- Data supplied -
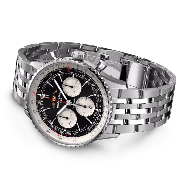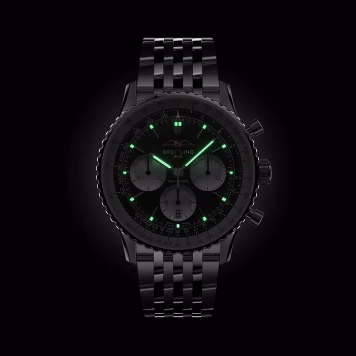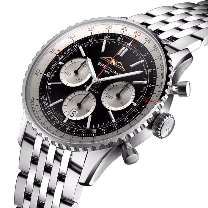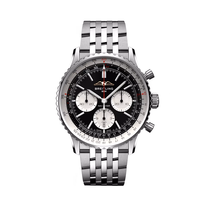 The Breitling Navitimer reference AB0138211B1A1 is part of Breitling's 2022 refresh of the iconic slide rule chronograph. This version has a Stainless Steel case of 43.00mm, which houses the brand's in-house caliber Caliber B01. The dial, with AOPA-inspired wing logo, is Black.
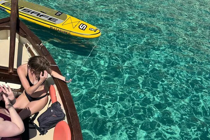 Hay una tabla de SUP disponible para quienes quieran explorar más durante las paradas.
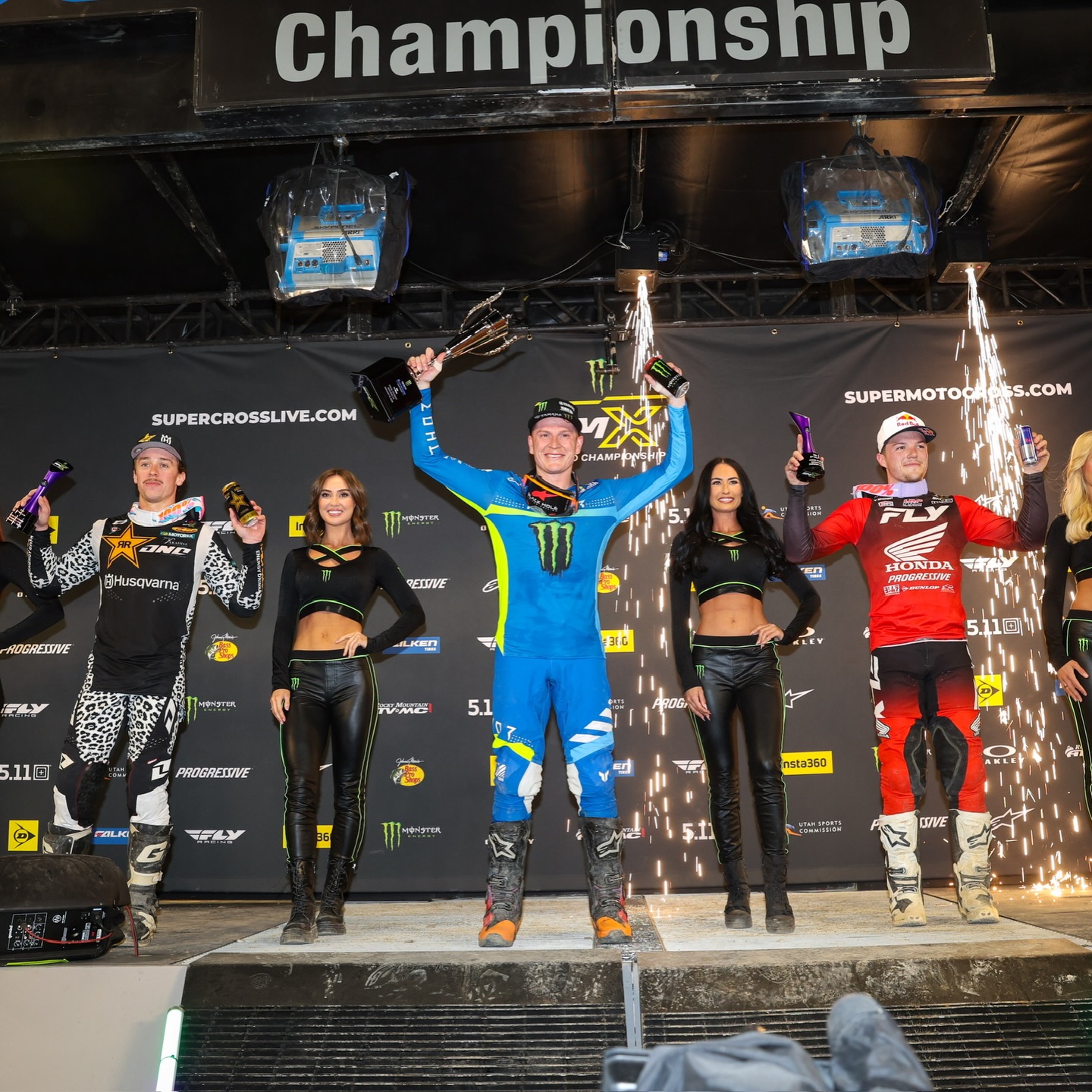 Hoor van de podiumfinishers hoe hun wedstrijd is verlopen bij de AMA Supercross in Anaheim!
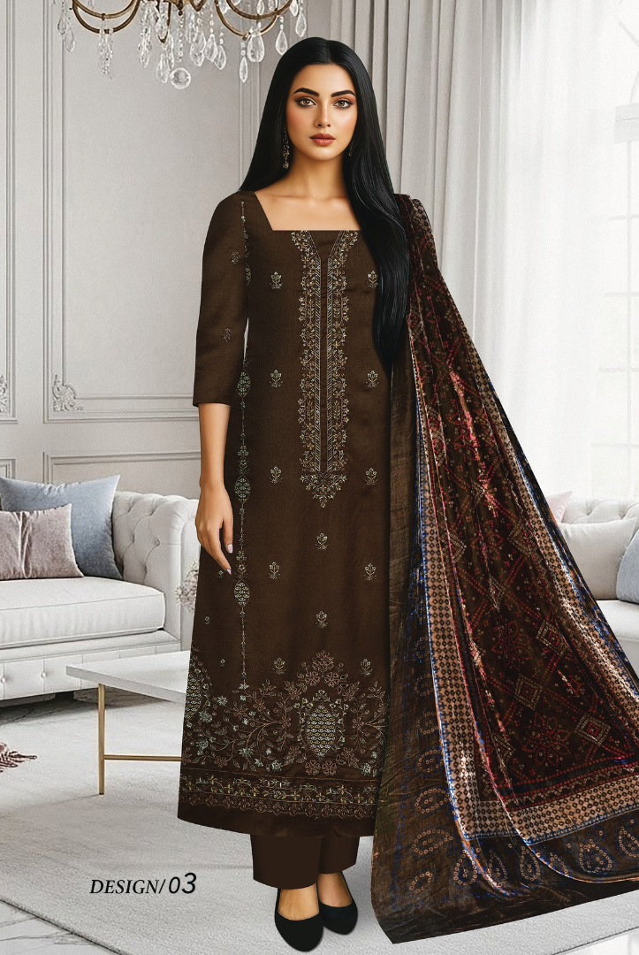 3 Piece Stitched Embroidered Print Plachi Shawl MEHAK BY BIN RASHID (BR) DESIGN/03
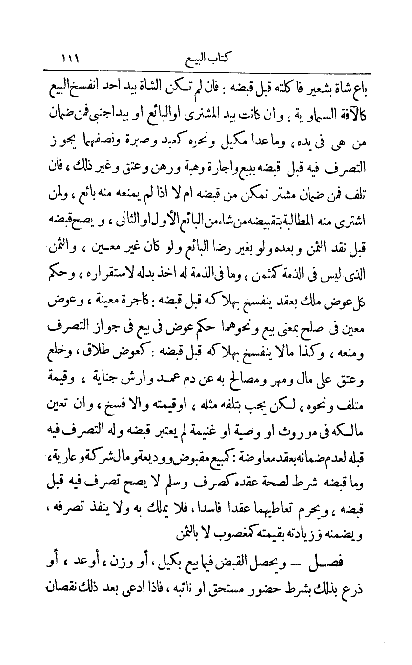 باع شاة بشعير فأكلته قبل قبضه: فإن لم تكن الشاة بيد أحد انفسخ البيع كالآفة السماوية وإن كانت بيد المشتري أو البائع أو بيد أجنبي فمن ضمان من هي في يده وما عدا مكيل ونحوه كعبد وصبرة ونصفهما يجوز التصرف فيه قبل قبضه ببيع وإجارة وهبة ورهن وعتق وغير ذلك فإن تلف فمن ضمان مشتر تمكن من قبضه أم لا إذا لم يمنعه منه بائع ولمن اشترى منه المطالبة بتقبيضه من شاء من البائع الأول أو الثاني ويصح قبضه قبل نقد الثمن وبعده ولو بغير رضا البائع ولو كان غير معين والثمن الذي ليس في الذمة كثمن وما في الذمة له أخذ بدله لاستقراره وحكم كل عوض ملك بعقد ينفسخ بهلاكه قبل قبضه: كأجرة معينة وعوض معين في صلح بمعنى بيع ونحوهما حكم عوض في بيع في جواز التصرف ومنعه وكذا ما لا ينفسخ بهلاكه قبل قبضه: كعوض طلاق وخلع وعتق على مال ومهر ومصالح به عن دم عمد وأرش جناية وقيمة متلف ونحوه لكن يجب بتلفه مثله أو قيمته وإلا فسخ وإن تعين مالكه في مورث أو وصية أو غنيمة لم يعتبر قبضه وله التصرف فيه قبله لعدم ضمانه بعقد معاوضة: كمبيع مقبوض ووديعة ومال شركة وعارية وما قبضه شرط لصحة عقده كصرف وسلم لا يصح تصرف فيه قبل قبضه ويحرم تعاطيهما عقدا فاسدا فلا يملك به ولا ينفذ تصرفه ويضمنه وزيادته بقيمته كمغصوب لا بالثمن.
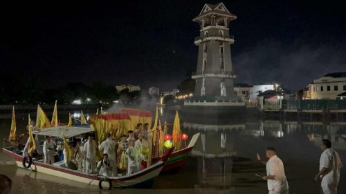 在吉打默贡斗母宫方面,该宫理事则前往吉打港口,乘船出海恭迎九皇大帝圣驾,同样吸引众多善信踊跃参与,场面热闹非凡。

- Work required -
Set down all entries above again, exactly, without images.

- Response -
 The Breitling Navitimer reference AB0138211B1A1 is part of Breitling's 2022 refresh of the iconic slide rule chronograph. This version has a Stainless Steel case of 43.00mm, which houses the brand's in-house caliber Caliber B01. The dial, with AOPA-inspired wing logo, is Black.
 Hay una tabla de SUP disponible para quienes quieran explorar más durante las paradas.
 Hoor van de podiumfinishers hoe hun wedstrijd is verlopen bij de AMA Supercross in Anaheim!
 3 Piece Stitched Embroidered Print Plachi Shawl MEHAK BY BIN RASHID (BR) DESIGN/03
 باع شاة بشعير فأكلته قبل قبضه: فإن لم تكن الشاة بيد أحد انفسخ البيع كالآفة السماوية وإن كانت بيد المشتري أو البائع أو بيد أجنبي فمن ضمان من هي في يده وما عدا مكيل ونحوه كعبد وصبرة ونصفهما يجوز التصرف فيه قبل قبضه ببيع وإجارة وهبة ورهن وعتق وغير ذلك فإن تلف فمن ضمان مشتر تمكن من قبضه أم لا إذا لم يمنعه منه بائع ولمن اشترى منه المطالبة بتقبيضه من شاء من البائع الأول أو الثاني ويصح قبضه قبل نقد الثمن وبعده ولو بغير رضا البائع ولو كان غير معين والثمن الذي ليس في الذمة كثمن وما في الذمة له أخذ بدله لاستقراره وحكم كل عوض ملك بعقد ينفسخ بهلاكه قبل قبضه: كأجرة معينة وعوض معين في صلح بمعنى بيع ونحوهما حكم عوض في بيع في جواز التصرف ومنعه وكذا ما لا ينفسخ بهلاكه قبل قبضه: كعوض طلاق وخلع وعتق على مال ومهر ومصالح به عن دم عمد وأرش جناية وقيمة متلف ونحوه لكن يجب بتلفه مثله أو قيمته وإلا فسخ وإن تعين مالكه في مورث أو وصية أو غنيمة لم يعتبر قبضه وله التصرف فيه قبله لعدم ضمانه بعقد معاوضة: كمبيع مقبوض ووديعة ومال شركة وعارية وما قبضه شرط لصحة عقده كصرف وسلم لا يصح تصرف فيه قبل قبضه ويحرم تعاطيهما عقدا فاسدا فلا يملك به ولا ينفذ تصرفه ويضمنه وزيادته بقيمته كمغصوب لا بالثمن.
 在吉打默贡斗母宫方面,该宫理事则前往吉打港口,乘船出海恭迎九皇大帝圣驾,同样吸引众多善信踊跃参与,场面热闹非凡。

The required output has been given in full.